Gnomon: Ancient Time Measuring Instrument Used By Babylonians, Egyptians And Chinese

A gnomon, (literally: “one that knows or examines”) is the part of a sundial that casts a shadow.

The term has been used for many different purposes in mathematics, astronomy and other fields. In distant past, this vertical stick, was called ‘shadow stick’ but today, it is known as ‘gnomon’.

It was probably the first device for indicating the time of day dating from about 3500 BC. The length of the shadow this simple instrument cast, it gave an indication of the time of day.

Gnomon was known in Inca’s Peru, megalithic Europe. In ancient China, the gnomon was useful instrument for astronomical observations through the centuries of Chinese civilization.

The instrument is mentioned in the 2nd-century ‘Nine Chapters on the Mathematical Art’ as being used much earlier by the Duke of Zhou (11th century BC).
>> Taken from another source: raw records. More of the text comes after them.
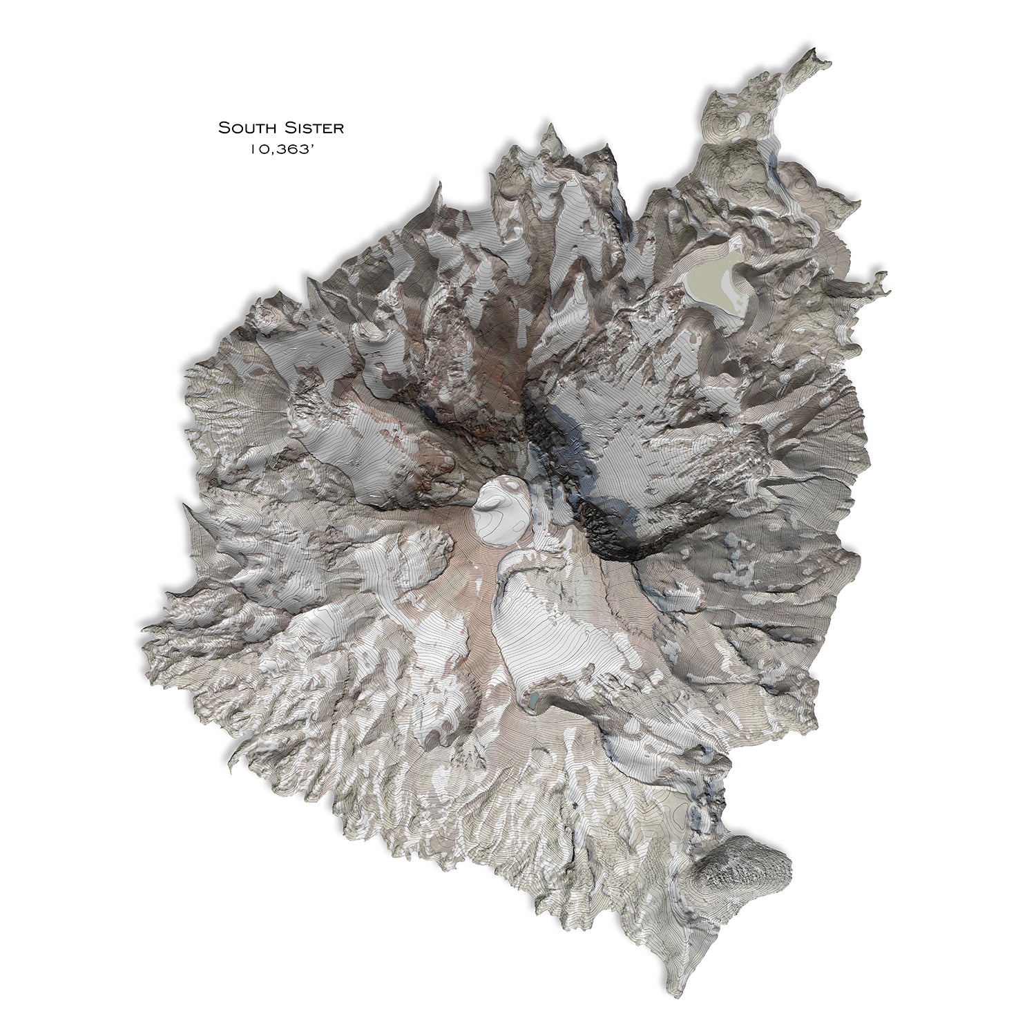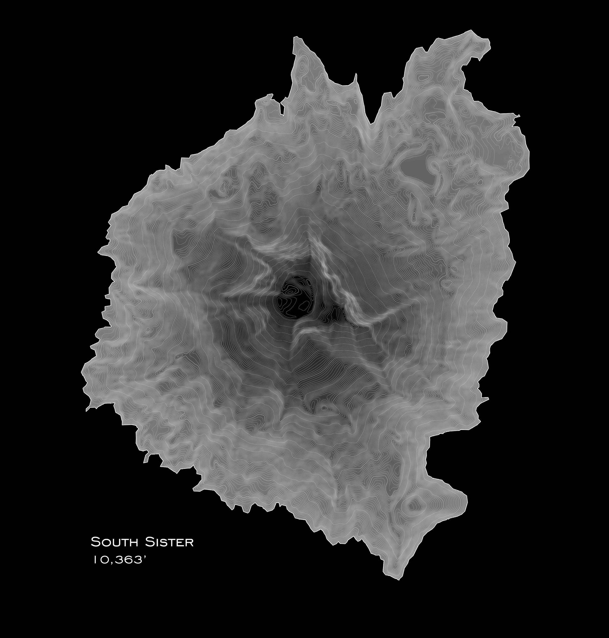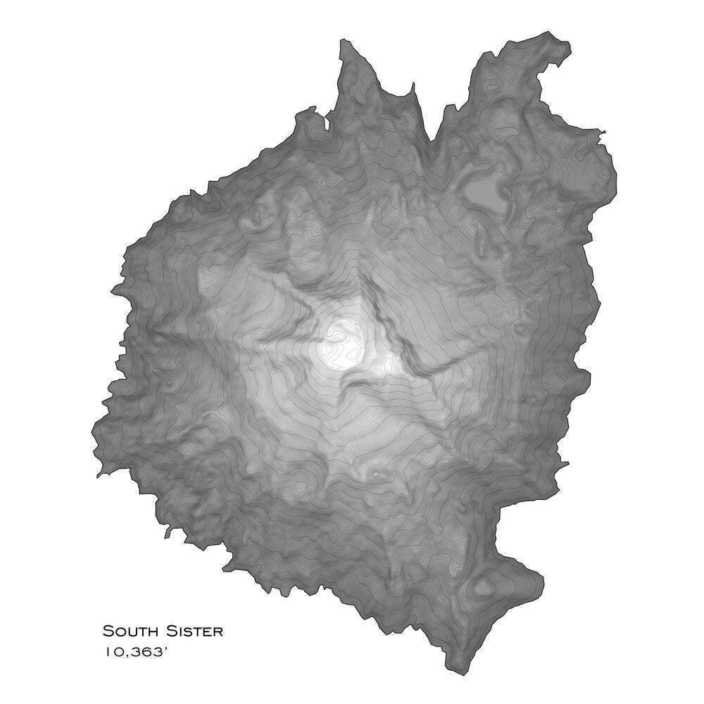 South Sister volcano is the tallest and youngest of the Three Sisters. The summit holds Teardrop pool, the highest lake in Oregon. It is a popular destination for hikers and skiers in the spring. Contours every 15ft with major contours every 150tt. The map begins at an elevation of 7400ft.
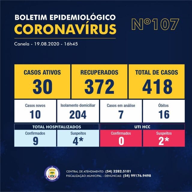 Em boletim divulgado na tarde desta quarta-feira (19), o município registrou que 10 testes resultaram positivo. Com isso, Canela chega a 418 casos confirmados. A boa notícia é que novamente o número de pacientes recuperados foi superior ao de novos casos. Nas últimas 24 horas, 12 pacientes foram liberados, sendo considerados curados. Ao todo, 372 […]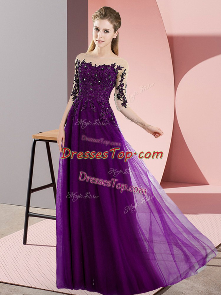 Dark Purple Bateau Neckline Beading and Lace Court Dresses for Sweet 16 Half Sleeves Lace Up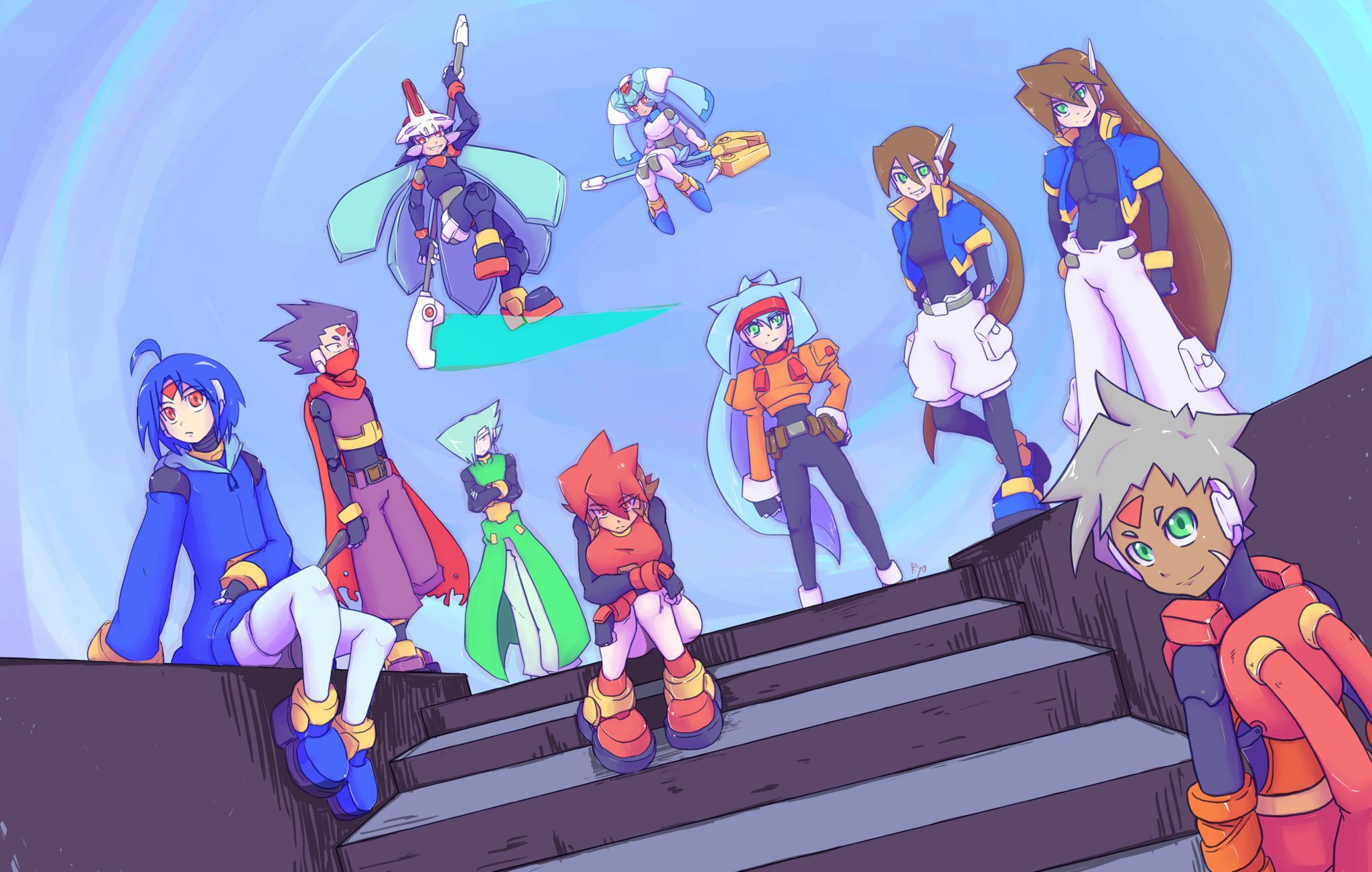 4girls 6+boys aeolus_(mega_man) aile_(mega_man_zx) ashe_(mega_man) atlas_(mega_man) blue_hair brown_hair crop_top cropped_jacket energy_blade facial_mark forehead_mark green_eyes grey_(mega_man) grey_hair helmet high_ponytail highres light_blue_hair light_green_hair long_hair mask mega_man_(series) mega_man_zx mega_man_zx_advent mouth_mask multiple_boys multiple_girls ninja_mask orange_hair pandora_(mega_man) ponytail prometheus_(mega_man) purple_hair red_eyes scythe short_hair siarnaq_(mega_man) tagme thetis_(mega_man) vent_(mega_man)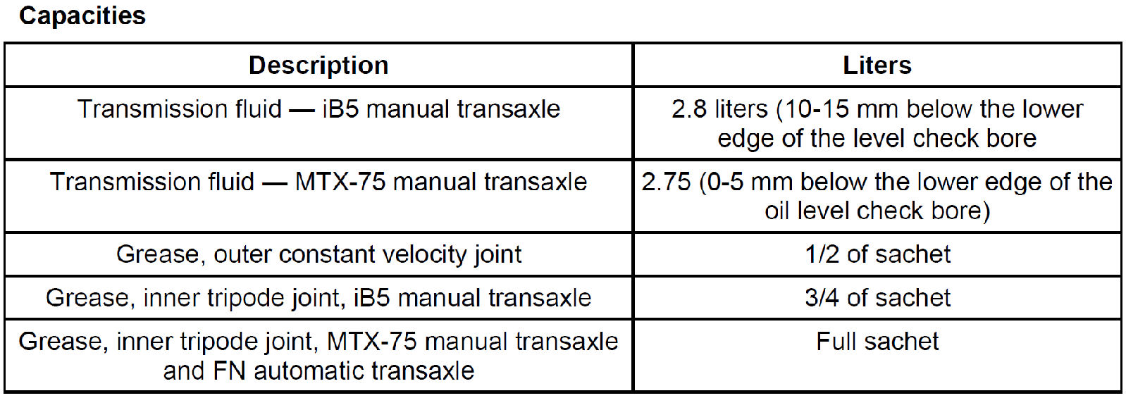 Capacity Specifications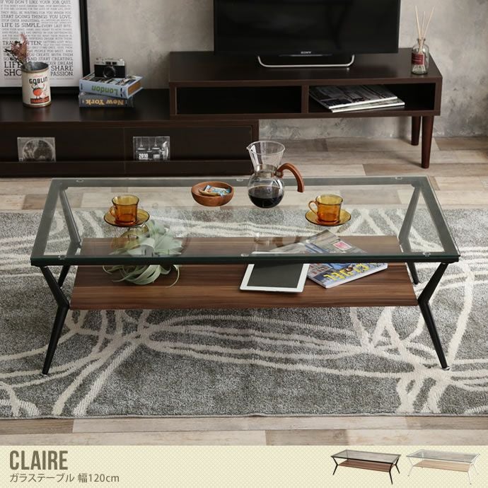『Claire』ガラステーブル(幅120cm)は、シンプルなフォルムでお部屋に圧迫感を与えず、一人暮らしの方やカップルでもお使いいただけるガラステーブルです。ガラス天板の下には雑誌やリモコンなどが置ける収納スペースがあり使い勝手バツグン!ディスプレイテーブルとしてもお使いいただけるので、お気に入りの小物や雑貨を飾って自分だけのディスプレイが楽しめますよ♪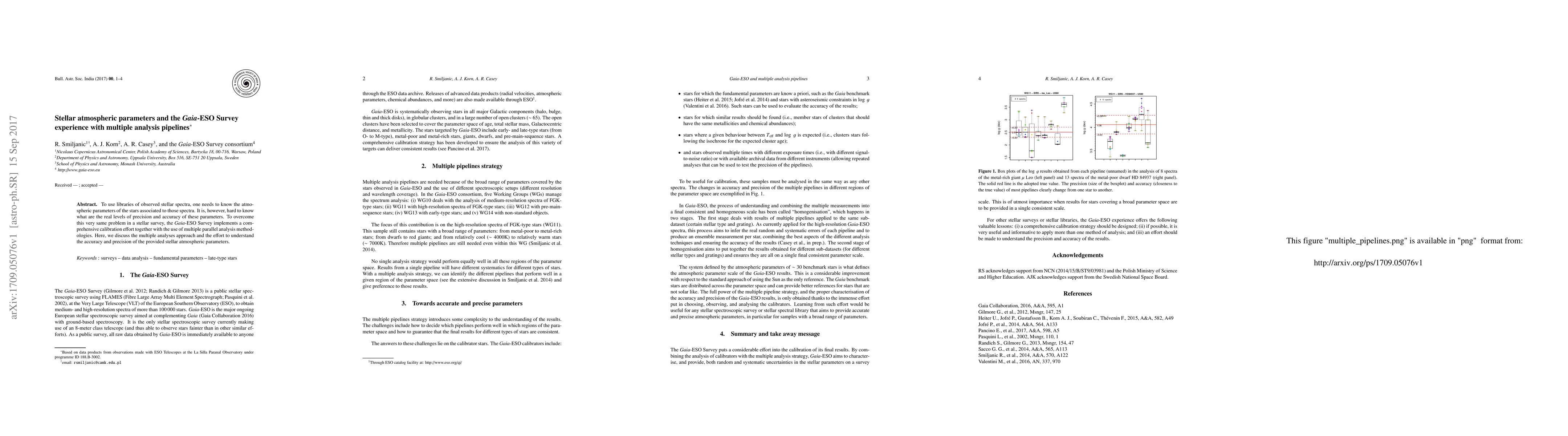 The Gaia-ESO Survey employs multiple analysis pipelines to determine stellar atmospheric parameters, aiming to enhance precision and accuracy. This approach allows for a comprehensive calibration effort to better understand the true levels of precision and accuracy of the derived parameters.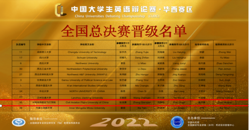 10月15-16日,由全国翻译专业学位研究生教育指导委员会指导、中国外文局CATTI项目管理中心主办的2022年中国大学生英语辩论赛(CUDC)华西大区赛在线上举行。本次大赛共有来自四川大学、西安交通大学、四川外国语大学等高校的60余支队伍参赛。经过两天激烈角逐,我校bat365正版唯一官网英语专业2021级学生张浅潜和肖静怡组成的代表队在赵华俊老师的带领下荣获华西赛区一等奖,并顺利晋级全国总决赛。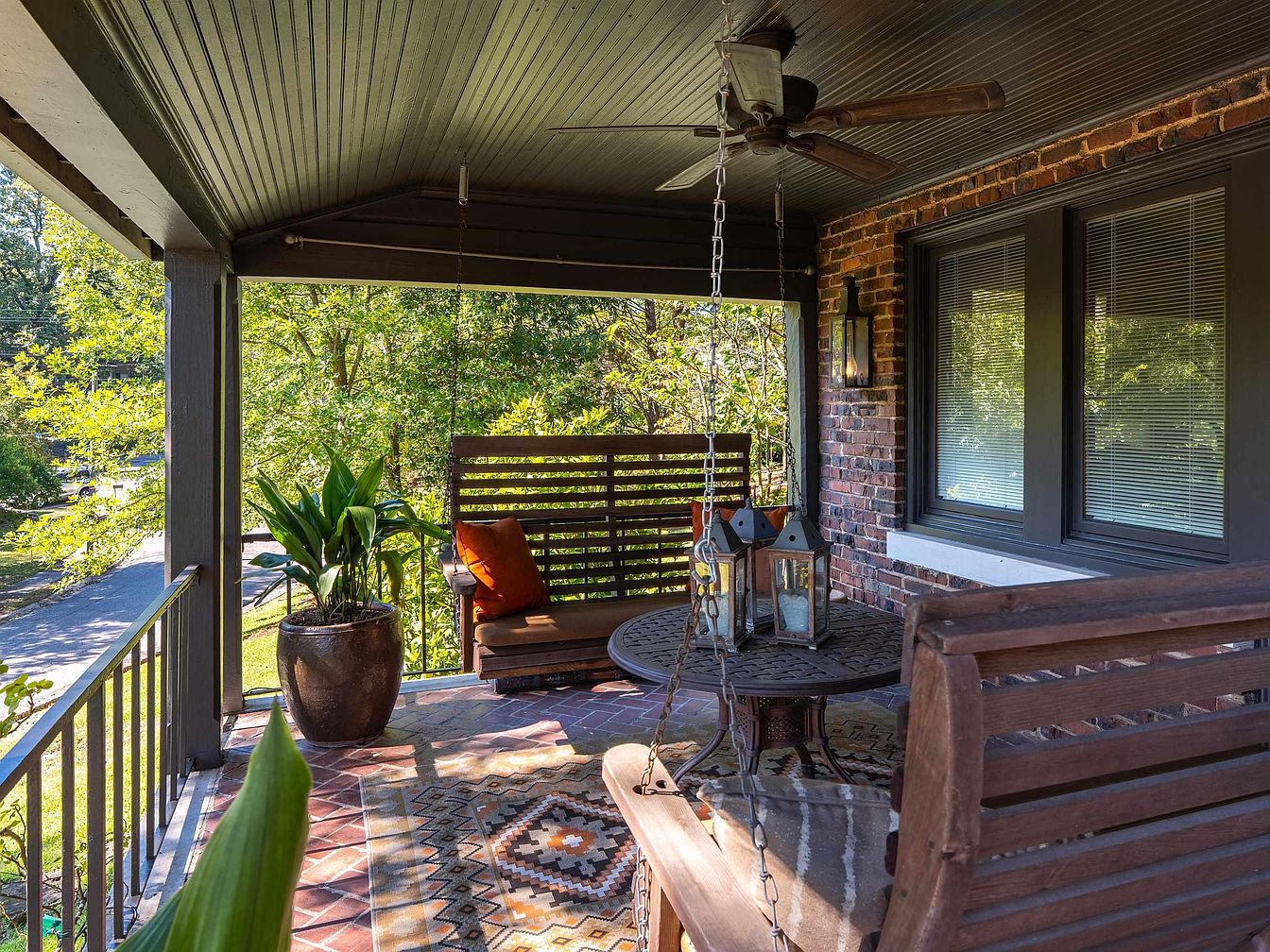 This inviting front porch features a blend of warm wood tones and natural elements. A traditional swing, adorned with an orange cushion, hangs beside a round, intricately designed iron table. A potted plant adds greenery, complementing the earthy palette. The floor is covered with a patterned rug, enhancing texture and warmth, while the ceiling showcases rich, dark wood paneling. Large windows framed in dark trim allow natural light to filter in, highlighting the textured brick wall. Soft lanterns and the overhead fan contribute to a cozy ambiance, creating a perfect space for relaxation and outdoor enjoyment.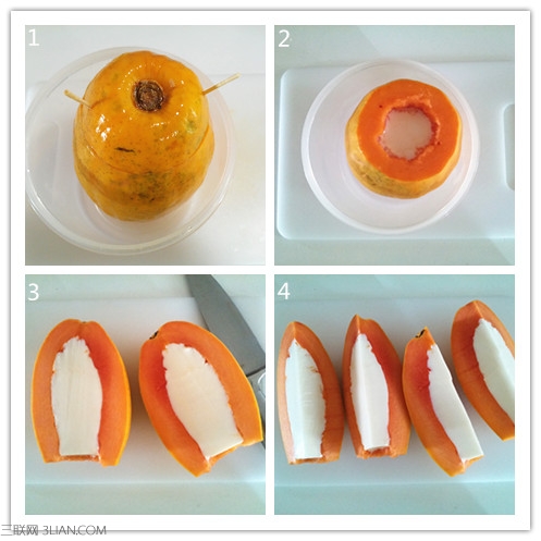 7.圖1-將切出的木瓜頂部蓋上,用牙簽固定位置,放入冰箱冷藏2-3小時(shí)至凝固。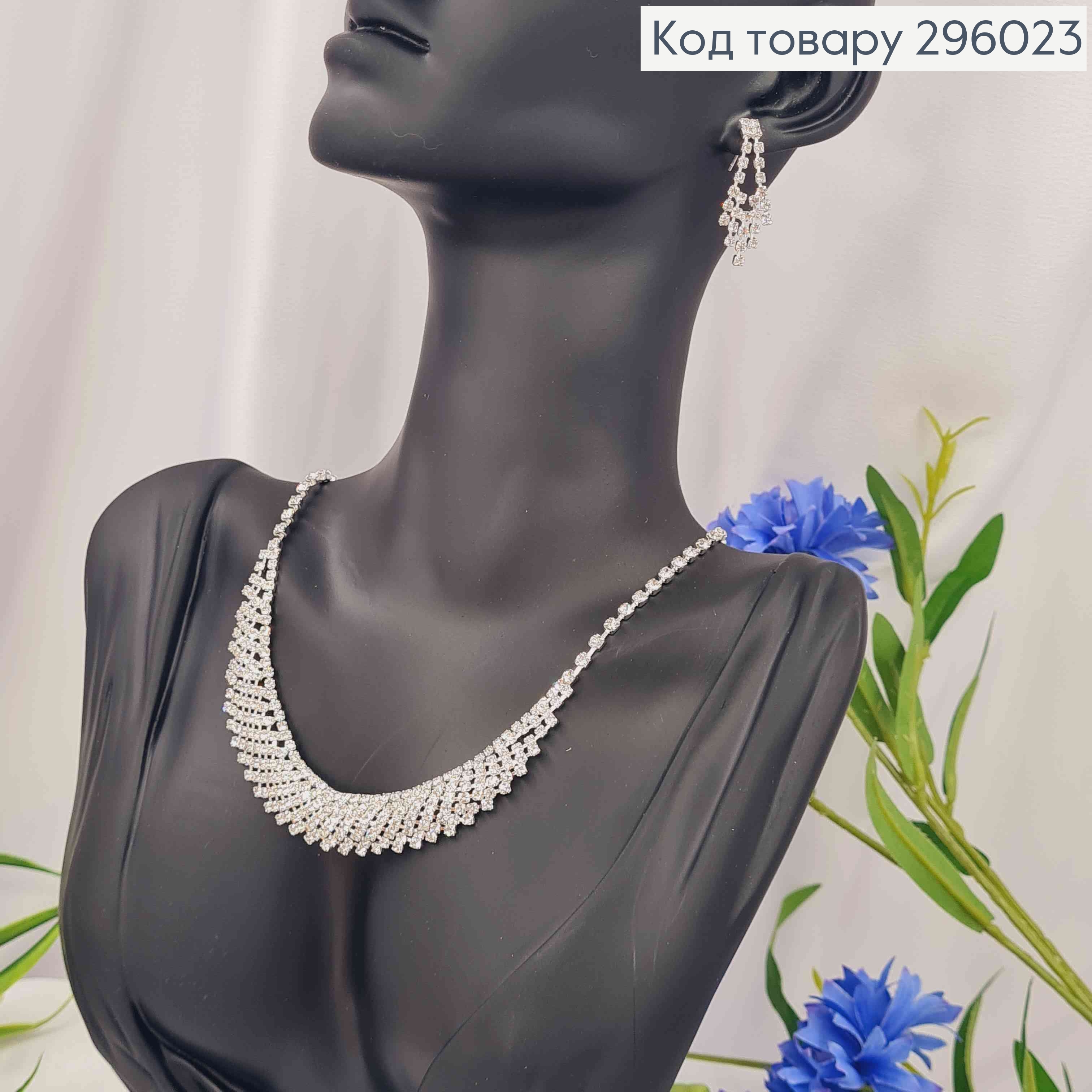 Набор: Колье и Серьги гвозди, с блестящими камнями, Серебряного цвета. 296029 фото

Pre-Socratic Greek philosopher, Anaximander (610-546 BC) introduced the instrument to the Greeks. Greek mathematician (geometer) and astronomer, Oenopides (lived ca 450 BC) used the phrase drawn gnomon-wise to describe a line drawn vertically to another.

As defined by Hero of Alexandria, the gnomon was a figure, which when added to another figure, formed a similar figure to the original.

By the 8th century BC more precise devices were in use.

At midday, the shadow of a stick is shortest, and this alignment was used by the civilizations of Mesopotamia, Egypt, and China as the North – South direction.

According to Egypt’s hieroglyphic texts , an instrument was an L-shaped object with a short vertical arm and a long graduated horizontal arm and called ‘setchat or merkhet’ (instrument of knowledge’.

Today, a three-dimensional gnomon is commonly used in CAD and computer graphics as an aid to positioning objects in the virtual world.